3. **Key Classes and Functions:**
- **`RelevantDocumentsRetriever`:** Custom retriever to fetch relevant documents from Redis vector stores.
- **`generateQueries`:** Generate alternate queries based on the user's original query.
- **`fusion`:** Apply the RRF algorithm to rank and filter relevant documents.
- **`reciprocalRankFusion`:** Implementation of the RRF algorithm to combine and rank document relevance.

## Getting Started

### Prerequisites

- **Node.js**: Ensure you have Node.js installed.
- **Redis**: Set up a local instance of Redis.
- **Ollama Model**: Download and configure the Ollama Gemma:2b model for local usage.

### Installation

1. **Clone the repository:**

```bash
git clone https://github.com/rajatasususual/llamapp.git
cd llamapp
```

2. **Install dependencies:**

```bash
npm install
```

3. **Set up environment variables:**

Create a `.env` file in the root directory with the following contents:

```env
#APP CONFIG
PORT=3000

# MAIN SWITCHES
LOAD_DOCS=false
REWRITE=true
FUSION=true

#CHAT MODELS
EMBEDDING_MODEL="nomic-embed-text"
BASE_URL="http://localhost:11434"
CHAT_MODEL="gemma:2b"
CHAT_TEMPERATURE=0

#DATASTORE
REDIS_URL="redis://localhost:6379"

#SEARCH SENSITIVITY
L2_INDEX_THRESHOLD=250
COSINE_INDEX_THRESHOLD=0.25
FUSION_THRESHOLD=0.1
```

### Running the Project

You can run the project in two different modes: CLI and UI.

#### CLI Mode

1. **Start Redis:**

Ensure your Redis server is running. You can start Redis with:

```bash
redis-stack-server
```

2. **Load Documents:**

Use the provided functions to load documents into the vector stores:

```javascript
import { RedisVectorStore } from "@langchain/redis";
import { loadDocuments } from "./main";

const documentStore = new RedisVectorStore(/* your configuration */);
const apiStore = new RedisVectorStore(/* your configuration */);

// Load documents into the vector stores
await loadDocuments(documentStore, 'path/to/your/html/documents');
await loadDocuments(apiStore, 'path/to/your/json/documents');
```
> It is important that you load plenty of documents to ensure dense search works its magic. We are working with a LLM trained to run with minimum footprint and hence needs all the support it can.

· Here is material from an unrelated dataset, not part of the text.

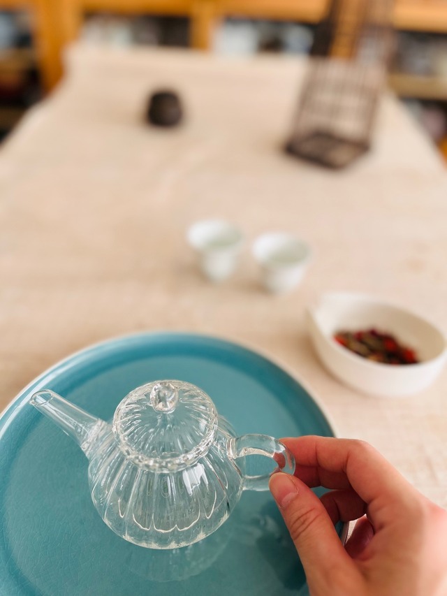 お湯を注ぐだけで、 茶葉がゆっくりとひらいていく時間。 透明なガラスのポットは、 お茶の色や、茶葉がひらいていく様子を 目でも楽しめるのが魅力です。 薬膳茶や白茶龍珠など、 ゆっくりと抽出するお茶にちょうどよく、 はじめての方でも気軽に使えます。 特別な道具がなくても、 お湯を注ぐだけで、 自然とお茶の時間がはじまります。 軽やかで扱いやすく、 日常にも取り入れやすいサイズ感です。 ■使い心地 ・茶葉が広がる様子を楽しめるガラス ・洗いやすく、日常使いしやすい形 ・薬膳茶や白茶にもおすすめ ※はじめての方には お茶と一緒に楽しめるセットもご用意しています。 「はじめてのお茶時間セット」 商品一覧よりご覧ください。 ■サイズ・仕様 容量:約500cc 素材:耐熱ガラス(ホウケイ酸ガラス) フィルター:ステンレス 中国製

3. **Run the CLI Application:**

```bash
npm run cli
```

#### UI Mode

> this project is moved to a standalone setup. Read more about the application in llamapp-web[www.github.com/rajatasusual/llamapp-web]

1. **Start Redis:**

Ensure your Redis server is running. You can start Redis with:

```bash
redis-stack-server
```

> Note: For vector storage, you need redis-stack-server.

2. **Load Documents:**

Use the provided functions to load documents into the vector stores as described in the CLI section.

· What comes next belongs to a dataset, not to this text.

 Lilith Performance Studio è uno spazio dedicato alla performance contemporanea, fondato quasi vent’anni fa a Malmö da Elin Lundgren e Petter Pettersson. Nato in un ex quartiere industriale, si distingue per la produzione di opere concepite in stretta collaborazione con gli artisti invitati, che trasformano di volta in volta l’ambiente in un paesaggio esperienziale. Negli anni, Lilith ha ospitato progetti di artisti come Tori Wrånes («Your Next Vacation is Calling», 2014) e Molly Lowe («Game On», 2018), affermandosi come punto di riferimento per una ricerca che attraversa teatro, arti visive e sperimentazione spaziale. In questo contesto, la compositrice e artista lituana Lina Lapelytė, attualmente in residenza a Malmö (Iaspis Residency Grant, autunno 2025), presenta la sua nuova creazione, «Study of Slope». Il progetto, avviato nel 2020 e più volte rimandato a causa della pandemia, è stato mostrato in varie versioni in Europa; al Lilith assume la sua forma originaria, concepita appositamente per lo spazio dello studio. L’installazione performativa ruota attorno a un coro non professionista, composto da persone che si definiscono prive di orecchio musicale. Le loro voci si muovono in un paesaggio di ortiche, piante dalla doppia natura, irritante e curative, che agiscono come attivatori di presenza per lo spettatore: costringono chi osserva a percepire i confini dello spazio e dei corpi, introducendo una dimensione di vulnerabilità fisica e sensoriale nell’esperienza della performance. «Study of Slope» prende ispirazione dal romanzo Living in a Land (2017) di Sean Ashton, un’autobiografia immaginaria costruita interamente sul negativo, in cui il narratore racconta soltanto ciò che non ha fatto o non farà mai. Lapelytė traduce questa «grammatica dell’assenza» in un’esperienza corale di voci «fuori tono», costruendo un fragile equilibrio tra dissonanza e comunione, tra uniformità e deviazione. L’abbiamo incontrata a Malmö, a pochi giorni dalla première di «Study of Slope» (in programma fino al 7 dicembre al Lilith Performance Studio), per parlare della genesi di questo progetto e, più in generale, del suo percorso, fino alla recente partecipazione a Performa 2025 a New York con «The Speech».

3. **Start the Express Server:**

```bash
npm start
```

This will run the `serve.ts` file, which contains an Express.js setup that runs the engine locally for an application to communicate.

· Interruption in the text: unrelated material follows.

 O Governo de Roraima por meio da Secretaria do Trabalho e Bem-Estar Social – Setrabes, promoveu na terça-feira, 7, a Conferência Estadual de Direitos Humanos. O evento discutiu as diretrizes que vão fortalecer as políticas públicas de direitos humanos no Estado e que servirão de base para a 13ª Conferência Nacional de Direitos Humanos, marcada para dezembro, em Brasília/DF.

4. **Access the Application:**

Open your browser and navigate to the local server (e.g., `http://localhost:3000`) to interact with the application through the UI.

### Example Usage

Here's a brief example of how you can use the RAG engine to process a user query and generate a response:

```javascript
import { respond } from "./main";

// Example query
const question = "How do I set up a local server?";

// Get response
respond(question).then(response => {
console.log("Response:", response);
});
```

### Contributing

Contributions are welcome! Please feel free to submit a pull request or open an issue for any improvements or bugs you find.

### License

This project is licensed under the MIT License.